Merlyn took the Wart’s hand and said kindly, “You are only young, and do not understand these things. But you will learn that owls are the politest and the most courteous, single-hearted and faithful creatures living. You must never be familiar, rude or vulgar with them, or make them to look ridiculous. Their mother is Athene, the goddess of wisdom, and, though they are often ready to play the buffoon for your amusement, such conduct is the prerogative of the truly wise. No owl can possibly be called Archie.”

“I am sorry, owl,” said the Wart.

“And I am sorry, boy,” said the owl. “I can see that you spoke in ignorance, and I bitterly regret that I should have been so petty as to take offence where none was intended.”

The owl really did regret it, and looked so remorseful and upset that Merlyn had to put on a very cheerful manner and change the conversation.

“Well,” said he, “now that we have finished breakfast, I think it is high time that we should all three find out way back to Sir Ector.”

“Excuse me a moment,” he added as an afterthought, and, turning round to the breakfast things, he pointed a knobbly finger at them and said in a stern voice, “Wash up.”

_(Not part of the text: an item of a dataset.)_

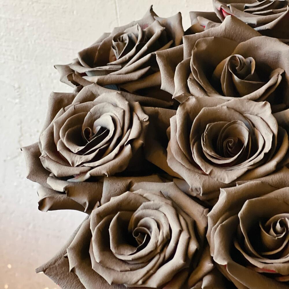 черные розы – 9 шт.Коробка шляпная – 1 шт.Тишью – 2 шт.Лента атласная – 1 шт.Оазис флористический – 1 шт.работа флориста – 1 шт.

At this all the china and cutlery scrambled down off the table, the cloth emptied the crumbs out of the window, and the napkins folded themselves up. All ran off down the ladder, to where Merlyn had left the bucket, and there was such a noise and yelling as if a lot of children had been let out of school. Merlyn went to the door and shouted, “Mind, nobody is to get broken.” But his voice was entirely drowned in shrill squeals, splashes, and cries of “My, it is cold,” “I shan’t stay in long,” “Look out, you’ll break me,” or “Come on, let’s duck the teapot.”

“Are you really coming all the way home with me?” asked the Wart, who could hardly believe the good news.

“Why not?” said Merlyn. “How else can I be your tutor?”

At this the Wart’s eyes grew rounder and rounder, until they were about as big as the owl’s who was sitting on his shoulder, and his face got redder and redder, and a big breath seemed to gather itself beneath his heart.

“My!” exclaimed the Wart, while his eyes sparkled with excitement at the discovery. “I must have been on a Quest.”